The real estate industry experienced strong growth during the last half of the 1990s, spurred by low interest rates for real estate loans. From the beginning of 1997 until the middle of 1998, home sales grew each quarter. However, confidence in both the residential and commercial segments of the market began to drop in the second quarter of 1998. According to a survey by the Federal Deposit Insurance Corporation (FDIC), this change was largely attributed to assessments that conditions were unchanged from the previous quarter, rather than improving, as had been the case throughout the previous year. Expansion in the field responded to these trends, with 13 percent of residential real estate firms opening new offices in 1998, whereas only 3 percent shut down an office.
Like many other industries in the 1990s, the field of real estate saw its share of acquisitions and mergers among the larger firms. Still, small, local establishments remained the norm. In 1999, 83 percent of the firms in the field operated from only one office, and 60 percent of them had five or fewer agents. Only 22 percent of real estate establishments were affiliated with a regional or national franchising operation.
There also has been a strong move toward diversification of business activities, as well as toward providing services beyond those of the traditional agent/broker roles. Many of the largest real estate firms have begun offering their clients title insurance, mortgage loans, and similar extended services. Brokers and agents who represent only buyers of real estate also have been growing in numbers and are represented by the National Association of Exclusive Buyer Agents.
Real estate brokers have also benefited from using the latest in computer technology. Basic information about all of an agency's listings are routinely placed on office computers. In addition, real estate advertisements, complete with photographs and listing information, began to appear routinely on Internet sites in the mid-1990s. About 64 percent of residential real estate agencies had listings on REALTOR.COM, sponsored by the National Association of Realtors, in 1999.
In 2001 there were approximately 2.3 million licensed real estate agents, an increase of 10 percent from 2000 and the first large increase in 15 years. One reason for the increase was that the housing market was strong in 2001 and 2002, while others sectors struggled in the weak economy of that time. Continued low interest rates—at one time the lowest in 40 years—combined with housing affordability and a gradual turnaround in the economy were other major factors for this sector's success.
There were a record 5.3 million existing homes sales in 2001—the highest level since 1968, when sales tracking began—while estimates showed that 2002 existing home sales would break that record with 5.31 million. During the economic boom of 2000, existing home sales were 5.15 million and home ownership peaked that year, with 67.7 percent of Americans owning homes. New home sales in 2002 were estimated to decline by 4.4 percent.

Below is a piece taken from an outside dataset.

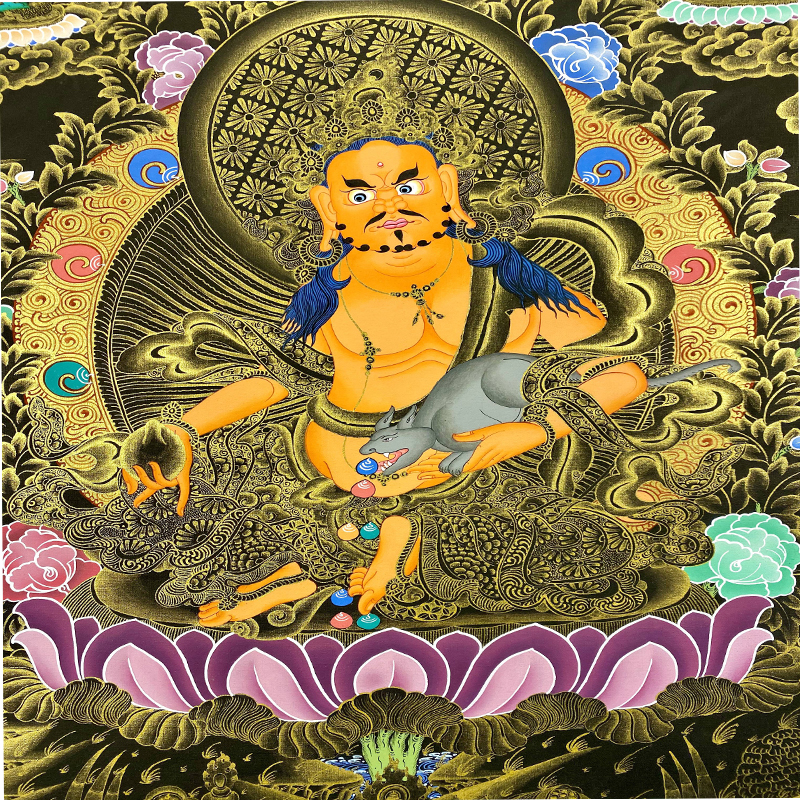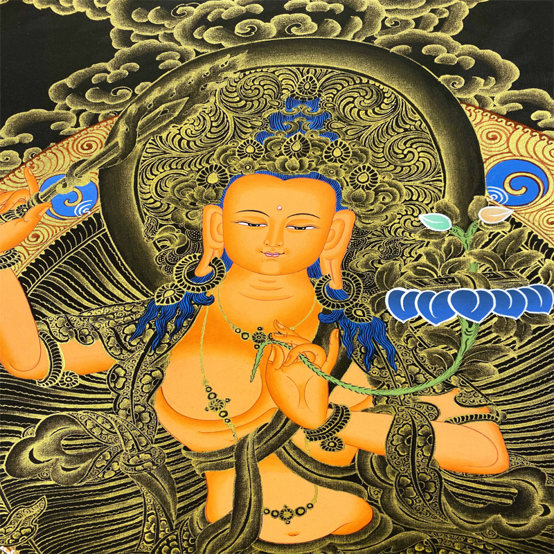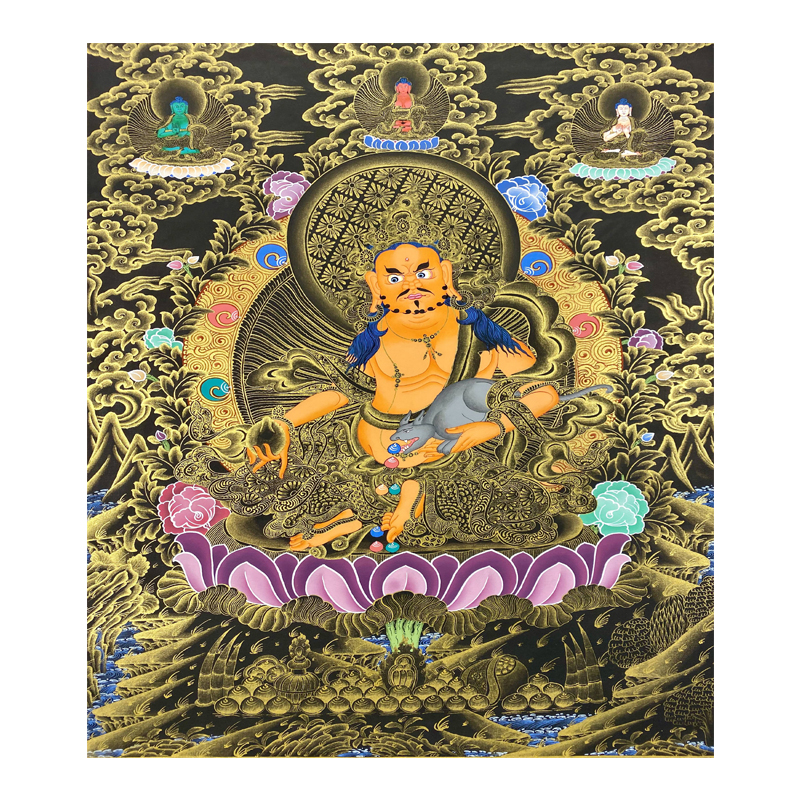 Black Gold Yellow Treasure God Avenjustva Pure Hand Painted Pure Handmade Nepal Tibet Tangka Hung Painting Genguan Decorative Painting

The median existing home price was forecast to rise 5.1 percent in 2002 to $155,300, while new home prices were expected to climb 6.1 percent to $184,700.

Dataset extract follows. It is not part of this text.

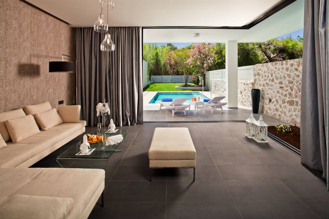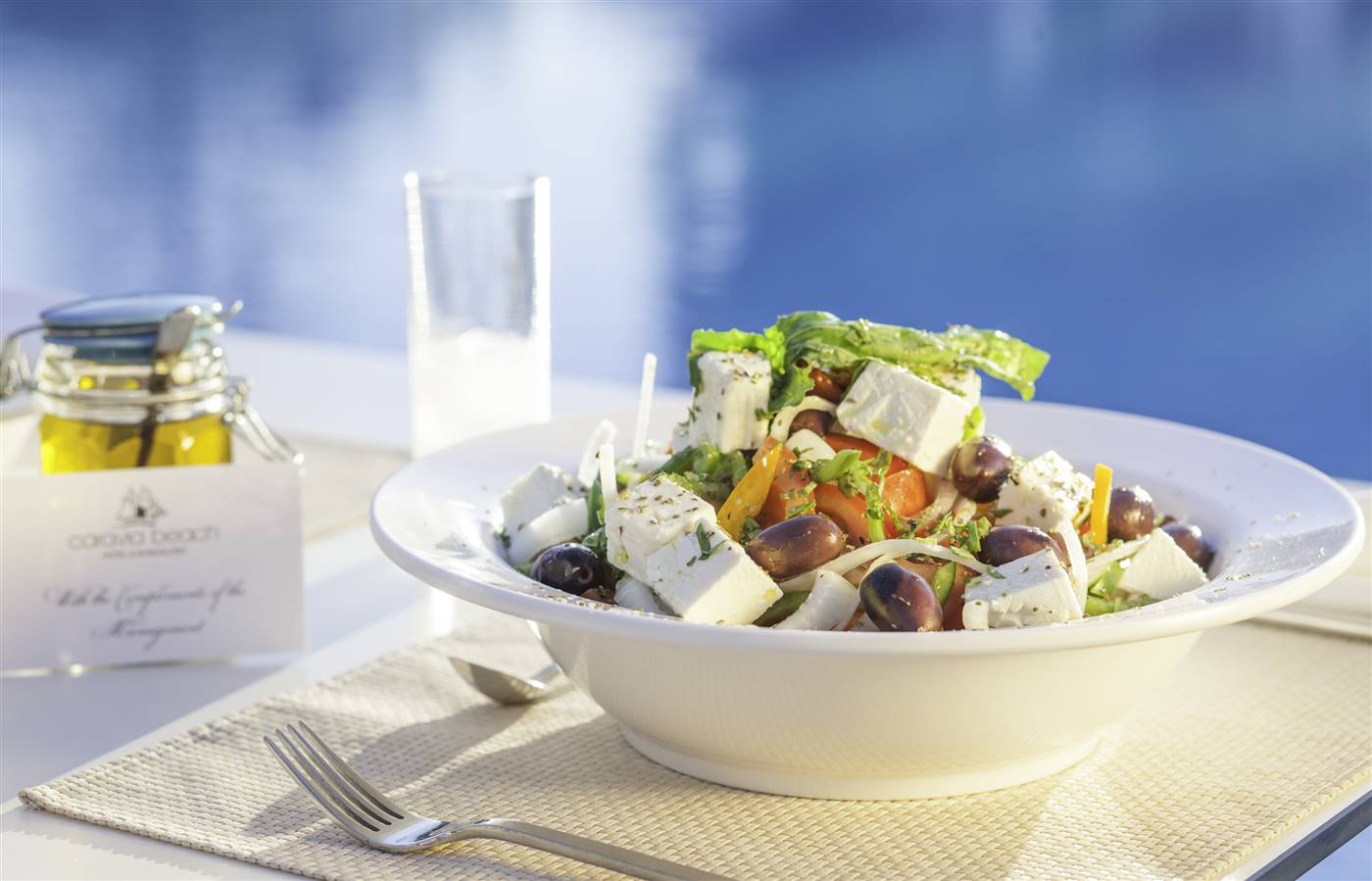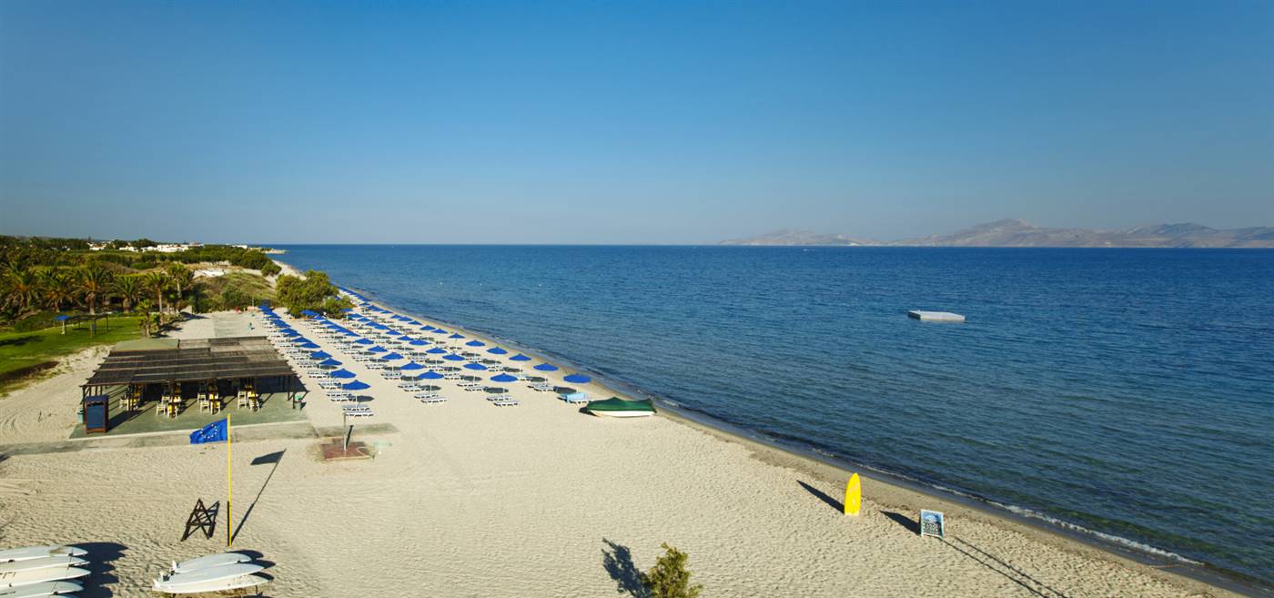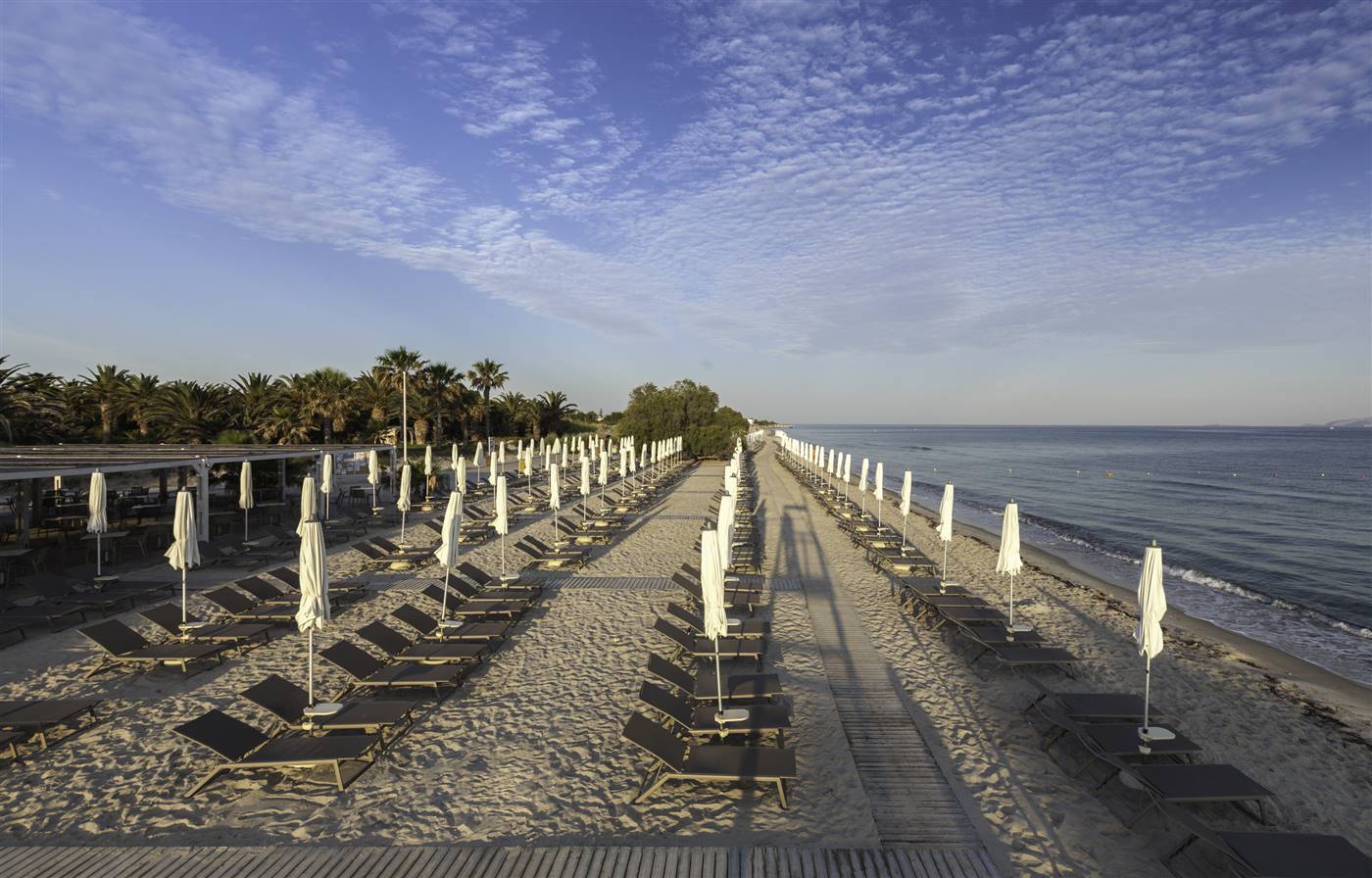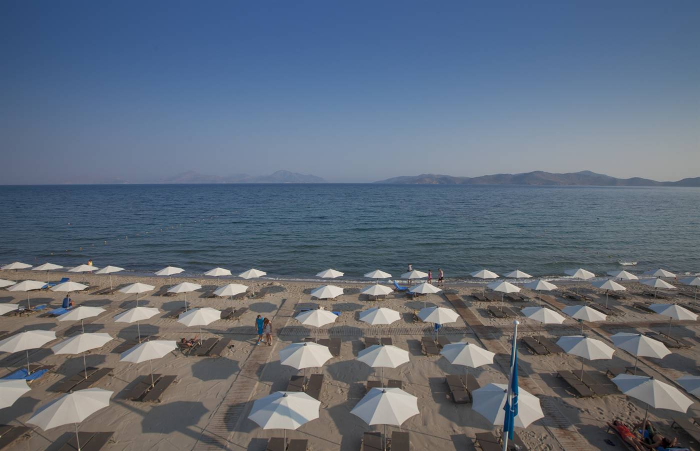 Caravia Beach Hotel sorge direttamente su una incantevole spiaggia ampia, sabbiosa e attrezzata con lettini e ombrelloni per tutti i suoi ospiti.

Analysts predicted that existing home sales would level off somewhat in 2003, with an estimated 5.34 million home sales, and decline the following year, with a predicted 5.27 million existing homes sales in 2004. Interest rates were a factor in these declining numbers, as they were forecast to gradually rise as the economy improved. Fixed-rate interest rates dipped below 6 percent in 2003 but were expected to climb to nearly 7 percent in 2004.

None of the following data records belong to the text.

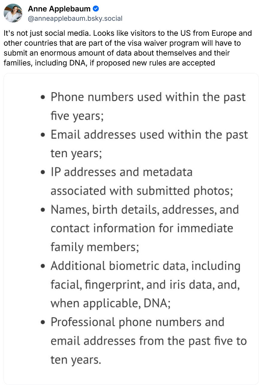 We also learned this week that the regime is working to implement Orwellian (or perhaps Palantirian) requirements to enter America for all potential visitors, including from our European allies:
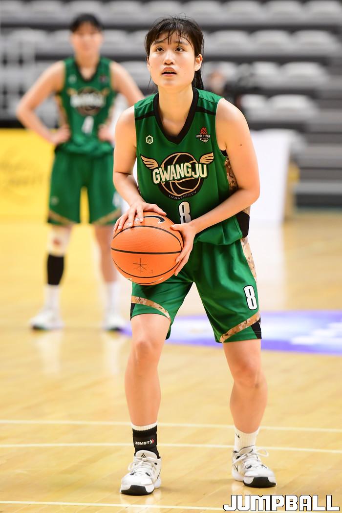 [점프볼=수원/박상혁 기자] 8일 서수원칠보체육관에서 열린 2021 KUSF 대학농구 U리그 단국대와 광주대의 여자부 4강 경기, 광주대 박새별이 자유투를 시도하고 있다.
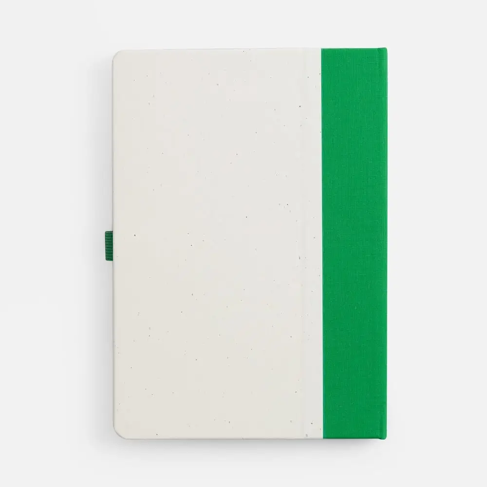 Бумага и обложка произведены из переработанных пакетов из под молока. Обложка из картона плотностью 140 г/м² .
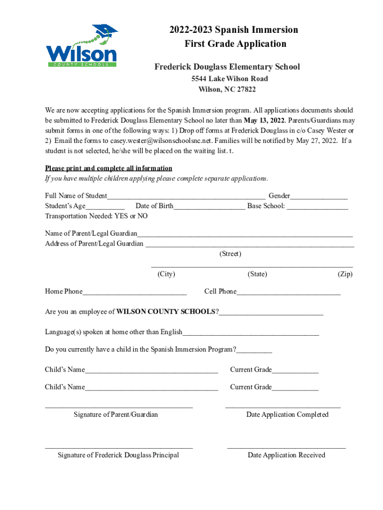 20222023 Spanish Immersion First Grade Application Frederick Douglass Elementary School 5544 Lake Wilson Road Wilson, NC 27822 We are now accepting applications for the Spanish Immersion program.

More consumers are using the Internet as a tool in the home-buying process. According to the National Association of Realtors (NAR), 41 percent of buyers use the Internet to narrow down home choices. One study in California showed that 46 percent of Internet buyers, the largest segment, were non-Hispanic whites who also made up 60 percent of traditional buyers. Asians made up 30 percent of Internet buyers and accounted for 19 percent of traditional buyers. Hispanics made up 18 percent of Internet buyers and 16 percent of traditional buyers. Native Americans and African Americans accounted for 6 percent of Internet and 5 percent of traditional buyers.
Although real estate agencies tend to be local operations, a few national and multinational firms generate a large volume of business. Cendant Corporation is the largest corporation involved in the field, owning both Century 21 and Coldwell Banker, the number one and number three agencies in the field. Century 21 operates more than 6,500 offices worldwide, whereas Coldwell Banker has more than 3,200 franchised brokerages. Cendant generated more than $14 billion in total revenue in 2002. RE/MAX Realty, based in Denver, also has a large presence, with more than 4,500 offices in more than 40 countries worldwide.
Every state and the District of Columbia require that real estate brokers and agents be licensed. They must complete educational courses in the fundamentals of real estate and pass a written examination. Appraisers of property financed by federally regulated lenders must be certified within their states.
The real estate industry employed 408,000 agents, brokers, and appraisers nationwide in full- and part-time employment in 1996. Most of these people worked on a commission or fee basis rather than as employees. Many real estate agents begin working part-time because of the intermittent income the work provides. Though agents are essentially independent contractors, most are affiliated with a nationally known or local brokerage firm. By 2001, there were a record 2.3 million agents holding licenses, up 10 percent from 2000 and the first major increase in 15 years.
As sales commissions can be high on many properties, successful real estate agents can earn large amounts of money. However, only a small percentage of agents actually do so. The median annual income for full-time agents, brokers, and appraisers was $31,500 in 1996. Half of these workers received between $20,500 and $49,700. The number of agents, brokers, and appraisers employed was expected to grow more slowly than other occupations through 2006. Still, 778,500 people were expected to be working in the field by then, an increase of nearly 90,000 from 1997. Opportunities also exist in this area due to the high turnover characteristic of the profession.
There were approximately 271,000 real estate managers in 1996, most working for property management firms, development companies, banks, government agencies, and other entities. There also was a large group of self-employed developers, owner-managers of buildings, and operators of building management firms. Approximately 40 percent of property managers were self-employed in 1996. No formal certification or licensing was required except for managers of federally subsidized housing, who had to be state-certified. Many other managers completed training programs that included certification by the sponsoring organization, such as the Institute of Real Estate Management (IREM).
The National Association of Realtors reported that the average associate earned $41,000 as of 2002. Although growth in the field was booming in 2001 and 2002, growth in this field was expected to be average through 2006, partly because of the rise in Internet use among homebuyers. Increased demand for managers is expected in commercial and residential real estate, as trade continues to expand and new housing construction continues the trend of creating homeowner associations for residents. Employers of real estate managers are expected to increasingly turn to hiring college graduates with degrees in business administration and fields related to real estate.
The U.S. real estate industry taps the market within the former Communist countries of eastern Europe, such as Russia and Hungary, where ownership of private property is now legal. Beginning in 1993, the IREM began to enter into partnerships with real estate associations in those countries to help in the training of real estate personnel and the adoption of national standards. By mid-1996, there were 28 such partnerships in effect. The IREM also had partnership arrangements in Canada, Mexico, Singapore, and Spain. The National Association of Realtors was conducting similar activities in eastern Europe and entered into agreements with five countries—Bulgaria, the Czech Republic, Hungary, Poland, and Russia—at its annual convention in 1996. In addition to industry-wide efforts such as these, individual firms are entering the real estate markets of other countries. In 1998 Coldwell Banker began entering into franchise arrangements with brokers and agencies in Mexico.